There are many situations you’ll face in life in which you’ll need to rely on borrowing to help you manage financial emergencies. Fortunately, there is a wide range of loans, and each type of loan is intended for a unique purpose. By taking out the right type of loan, you may find it easier to repay the loan faster. Here are a few examples of loans that you can use to help you deal with a sudden expense.
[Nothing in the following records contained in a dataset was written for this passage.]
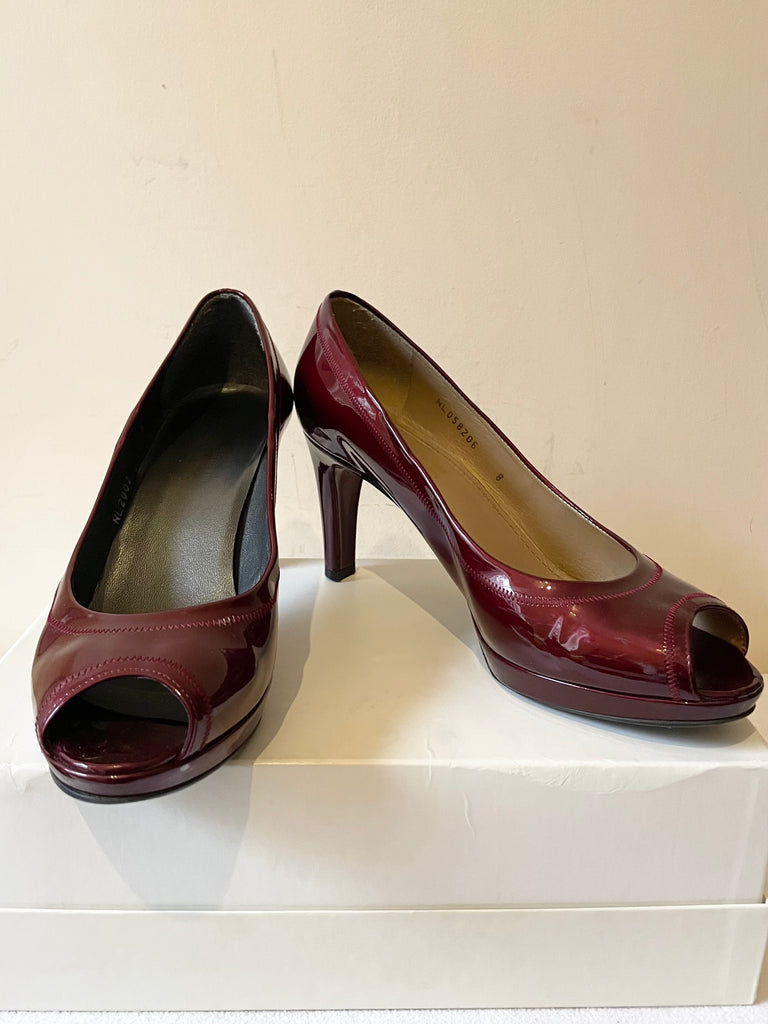 STUART WEITZMAN FOR RUSSELL & BROMLEY DEEP RED/WINE PATENT LEATHER PEEPTOE HEELS SIZE 6/39
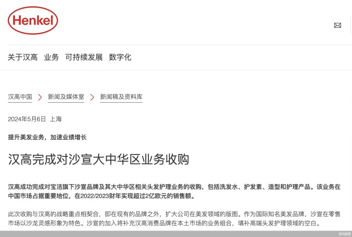 5月6日,汉高中国在官网宣布已经完成对沙宣大中华区业务的收购。“此次收购与汉高的战略重点相契合,即在现有的品牌之外,扩大公司在美发领域的版图。沙宣的加入将补充汉高消费品牌在本土市场的业务组合,填补高端头发护理领域的空白。”汉高中国方面表示。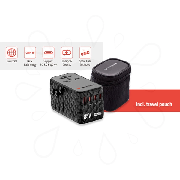 Verbatim 85W Travel Adapter with Retractable Charging Cable

A popular type of loan is the personal loan because there are few restrictions on how it can be used, and the terms can range from 24 months up to 84 months. A personal loan can be used for medical care coverage, debt consolidation, big-ticket purchases, vacations, or weddings. The two common restrictions on this type of loan are that they cannot be used to finance a college education, and they can’t be used to finance criminal behavior. These loans also come with lower interest rates, making it easier to repay them within a short period.
Home Equity Loans
If you own a home and have built up equity by making on-time payments consistently over several years, you may qualify for a home equity loan. This is also called a second mortgage. It allows you to borrow up to 85% of the equity you own in your home. The loan is paid to you in one lump sum, and you’ll have between five and 30 years to repay the sum.
Small Business Loans
A small business loan can help you finance a startup or use this type of loan to finance upgrades to an existing business. Any business with fewer than 300 employees can qualify for a small business loan. This includes everything from hair salons and landscapers to freelancers, such as writers or accountants. Getting a small business loan is more difficult than getting approved for a personal loan, but it’s often the best option for business owners and entrepreneurs.
Your goal should be to borrow money only when you want to use the loan to improve your credit score. Otherwise, you should rely on your savings as much as possible. You can build up a large savings fund over time by depositing 10% of your earnings from each pay period into a high-interest savings account. This will give you the financial security you need to handle most emergencies as they come along.